Hamlin’s Mekele Fistula Hospital was opened in February 2006. Strategically located in Mekele, the capital of the National Regional State of Tigray in the northern fringe of Ethiopia. The hospital also caters to patients form the neighbouring Afar and Amhara regions. The Mekele Fistula Hospital’s dedicated health officer’s primary responsibility is to locate fistula patients in inaccessible parts of Tigray and to promote health education to prevent fistulas from occurring.
Located to the south of Addis Ababa, Hamlin’s Yirgalem Fistula Hospital has treated thousands of fistula patients from the Southern Nations and Nationalities Peoples’ Region (SNNPR) since its establishment in 2006. The staff at Yirgalem were taught at the Addis Ababa Fistula Hospital and have a particular commitment to caring for impoverished women in the Sidoma zone of SNNPR.
Hamlin’s Bahir Dar Fistula Hospital, located in the capital of the Amhara region, is approximately 540km north-west of Addis Ababa. Opened in 2007, the hospital has treated thousands of fistula patients from the Amhara region and reintegrated the majority of them back into their communities.
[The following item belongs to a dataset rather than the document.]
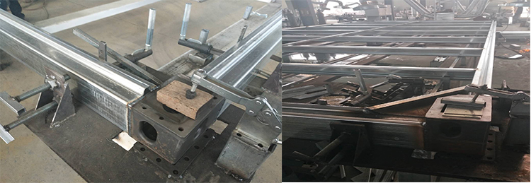 2、型材軋制成型后,經過校正拼裝,配合以連接吊裝角件,焊接成獨立的屋面或地面結構;
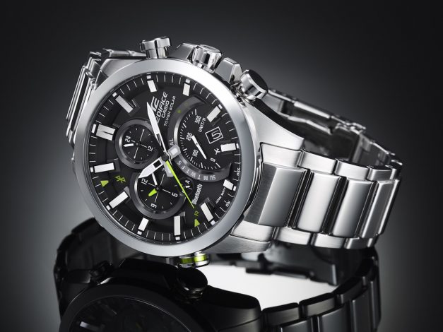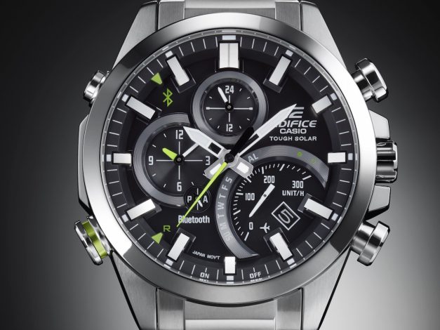 Agora a Casio está a lançar a nova gama Smartphone Link EQB-500 dos relógios EDIFICE que apresentam todos os benefícios de um relógio de pulso de qualidade incluindo um movimento alimentado por energia solar, resistência à água e design refinado que apenas um relógio de metal pode oferecer, enquanto oferece também conectividade a um smartphone. Isto melhora em grande medida a velocidade e acessibilidade à informação sobre a hora mundial uma vez que os utilizadores tinham antes que calcular e manualmente definir a hora para os fusos horários das diferentes cidades.

Many of the staff at Bahir Dar are former patients who were trained by Hamlin’s senior doctors, including Catherine.
In 2008, Catherine opened Hamlin Fistula Ethiopia’s fourth regional fistula hospital in Harar. Strategically located as Hamlin’s easternmost hospital, Harar is approximately 500km east of Addis Ababa. The Public Health Officer at Hamlin’s Harar Fistula Hospital works in Harar and the neighbouring regions to raise awareness of fistula.
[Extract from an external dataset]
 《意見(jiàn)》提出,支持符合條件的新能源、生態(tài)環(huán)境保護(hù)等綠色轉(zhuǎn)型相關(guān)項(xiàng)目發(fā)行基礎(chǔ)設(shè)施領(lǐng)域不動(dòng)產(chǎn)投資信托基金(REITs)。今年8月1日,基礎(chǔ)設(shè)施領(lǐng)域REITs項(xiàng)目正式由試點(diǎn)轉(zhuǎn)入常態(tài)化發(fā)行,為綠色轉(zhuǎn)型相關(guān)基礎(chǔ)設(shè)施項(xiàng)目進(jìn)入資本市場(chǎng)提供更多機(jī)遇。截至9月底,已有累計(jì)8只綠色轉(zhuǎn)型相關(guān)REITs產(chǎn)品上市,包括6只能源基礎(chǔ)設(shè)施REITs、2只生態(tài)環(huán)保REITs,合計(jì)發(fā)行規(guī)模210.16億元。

Hamlin’s Mettu Fistula Hospital was opened in 2010. Mettu is situated along the Sor River, 600km south-west of Addis Ababa, in the Oromiya region. The Mettu hospital is of great importance in Oromiya, where there is limited access to health facilities for its population of over 28 million people. The hospital also employs numerous teachers to teach literacy, provide health education and handicrafts training to fistula patients.
It is the emotional scars of shame and isolation that are often the hardest to treat with survivors of obstetric fistula. These women have almost always been shunned by their husbands and families and discarded to live in isolation because of this putrid condition.
Catherine knew that any physical treatment had to come hand in hand with mending emotional scars. Restoring the dignity of women who have suffered from the humiliation of a fistula injury is paramount to obstetric fistula rehabilitation.
Women are provided with physiotherapy, counselling, embraced in a warm blanket and given a new dress once they depart back to their homes. Patients are also provided with literacy and numeracy classes.
And beyond the emotional and physical mending of scars and injury, patients are also supported with income-generating training and placements.